In order to keep the arm straight a metal rod is inserted down the length of the arm from wrist to elbow. The end of the rod is left exposed so it can be removed in the coming weeks.

Zoe and I enjoying a lighter moment.

Aussie plastic surgeon Tina stitching up some of the smaller incisions.

This was awesome. I watched Dr Tertius shave the thinnest sliver of skin from this man's thigh then thread the skin through a special machine. The skin came out of the machine as a mesh, allowing it to spread and cover so much more of the gaping wound. The OR nurses explained to me that over the next few weeks the skin will grown and fill in to fully cover the open wound. It is amazing that God made this wonderful thing we call skin, stretchy and elastic, to protect our bodies. It is amazing that God gave the idea to someone to use skin in such a way.

Bandaging up!

The "mercy" part of Mercy Ships really shines. Holistic health care-body, mind and spirit is the aim. Before each patient goes into surgery, crew gather around them to lift them up to God and to pray over them. Watching these gifted surgeons is a great privilege and knowing that lives are changed forever through their hands is something special!


Sunday, April 08, 2012

Tenki, Merci Beaucoup!

Late last year the Africa Mercy communications produced this clip to pay homage to the supporters of the crew members on board. Almost every crew member pays their own way to and from the Africa Mercy, monthly crew fees, insurance and all other personal expenditure. Without faithful financial support from others, this would not be possible. Whilst we do not feature in this clip we know most of those in it. Some are long term crew, some short term and some come and go and come again.

Their message is heartfelt as is ours. We want to say thank you to all those who have supported us previously when we completed in our training in 2006, some who have joined to support us once again, thank you to those who have joined us for our current season with Mercy Ships and thank you to our new supporters who have partnered with us in 2012.

Thank you to those who pray for us, email us, read our blog and encourage us when we think we cannot go on another day. Without you all we could not do what we are doing serving the poorest of the poor in the nations of West Africa.

BBQ in Africa

A few weeks ago we had the first of several day worker/crew BBQ and community meetings. It was a roaring success. Each Thursday evening the crew gather in the International Lounge for community meeting which runs similar to a western church service. Not this time! This was the time for the African crew to shine. Above is Andrew in the looonnnggg food line.

Hot dogs on the barbie.

No meal is complete on the Africa Mercy without first sanitising ones hands. Luckily the sanitisers have recently gone portable.

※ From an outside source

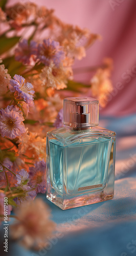 Elegant perfume bottle with soft floral background and shimmering liquid

Leah, our fellow Tassie crew member tucking in.

Jessica has began a phase of smiling for the camera but just as I press the shutter she makes a face. She will live to regret it on her 21st birthday-lol! Mum an Dad will have the last laugh!

Not quite Aussie BBQ fare (miss!) but the US version!

Crew Services day worker, Titus who also worked on the Africa Mercy in Sierra Leone. It is fun when the day workers follow the ship from country to country. We don't have to say goodbye and we can get to know them even better! I was so excited last week to "run into" Idrissa, a day worker from the dental team in Sierra Leone, last weekend at a local pool. He married a crew member last Thursday and will be living on board as short term crew for two months before he and his new wife move on land.

The party really kicked off when the djembes began!


The mosh pit got going and after a while I was brave enough to jump into the throng of hot and sweaty crew and day workers dancing, clapping and jumping to the throbbing beat of the djembe and the rousing lyrics of West African worship songs.

Time to quite down for the meeting as we celebrated the nations represented and how no matter our cultural differences we are brothers and sisters in Christ. Amen!